↓↓↓

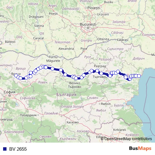 The first stop of the BV 2655 rail route is Враца and the last stop is Варна. BV 2655 is operational during всеки ден.
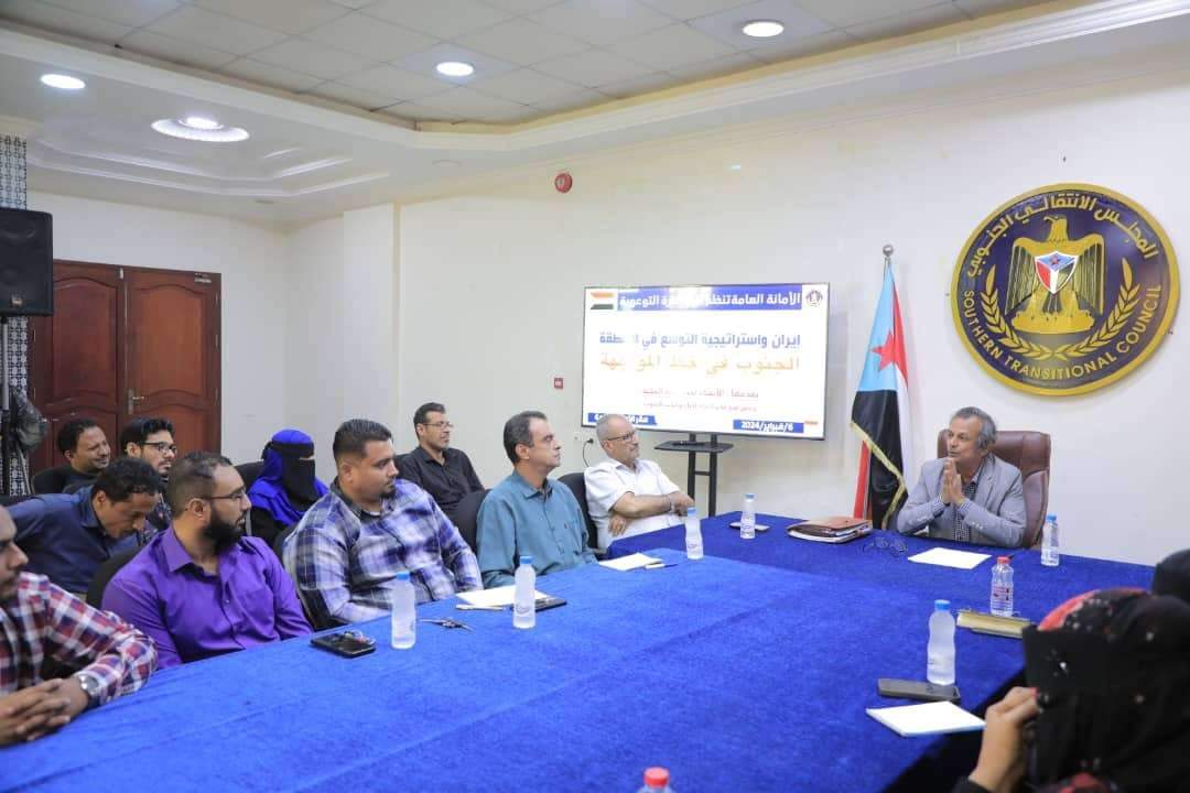 نظمت الأمانة العامة لهيئة رئاسة المجلس الانتقالي الجنوبي، اليوم الثلاثاء، في مقرها بالعاصمة عدن، محاضرة توعوية بعنوان” إيران واستراتيجية التوسع في المنطقة… الجنوب في خط المواجهة”.
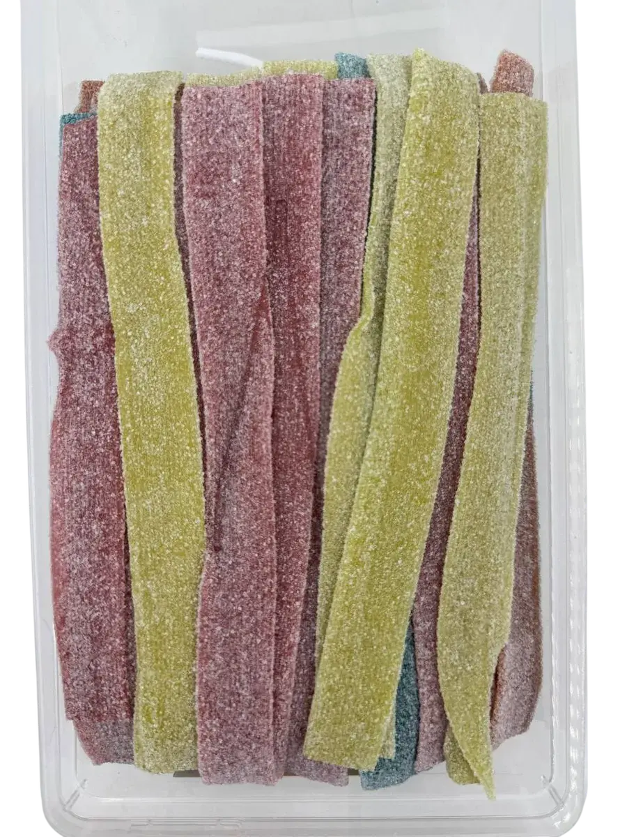 - Кислый мармелад ленты в обсыпке — мягкий, жевательный и с приятной кислой пудрой, которая так нравится любителям сладостей.
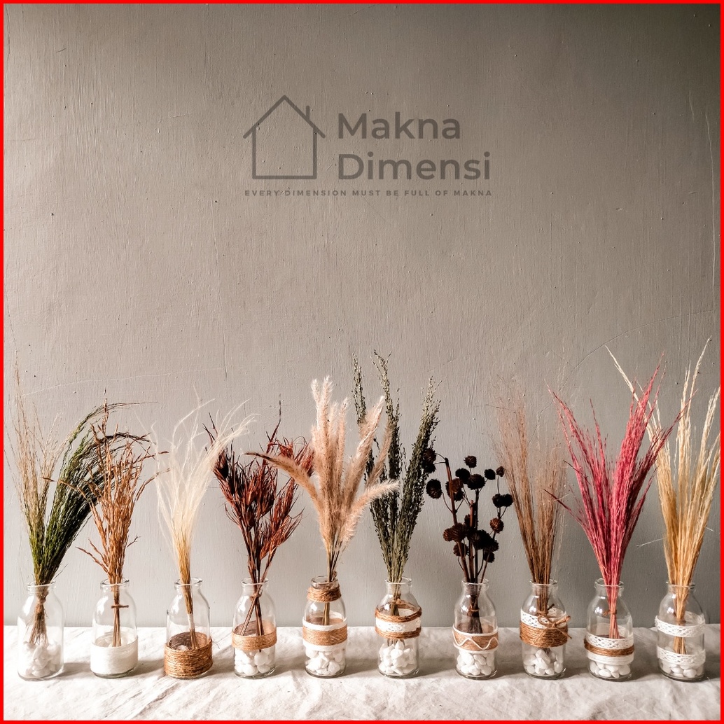 1 Set Bunga Aesthetic Vas Aesthetic Vas Bunga Kering Dried Flower Mini Vase Makna Dimensi
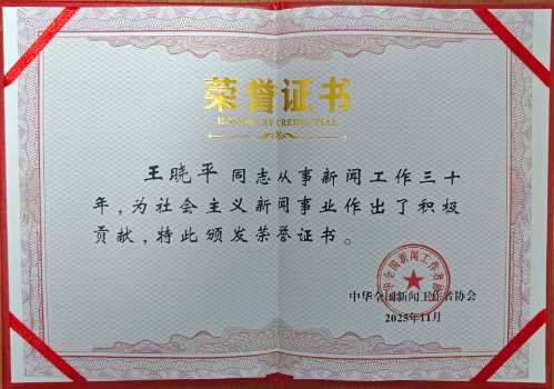 作者獲得從事新聞工作三十年榮譽(yù)證書

↑↑↑

- Work order: What the answer must hold is the exact text of every line from the one containing "1 Set Bunga" through the end of the data, minus any pictures.

- Task output:
 1 Set Bunga Aesthetic Vas Aesthetic Vas Bunga Kering Dried Flower Mini Vase Makna Dimensi
 作者獲得從事新聞工作三十年榮譽(yù)證書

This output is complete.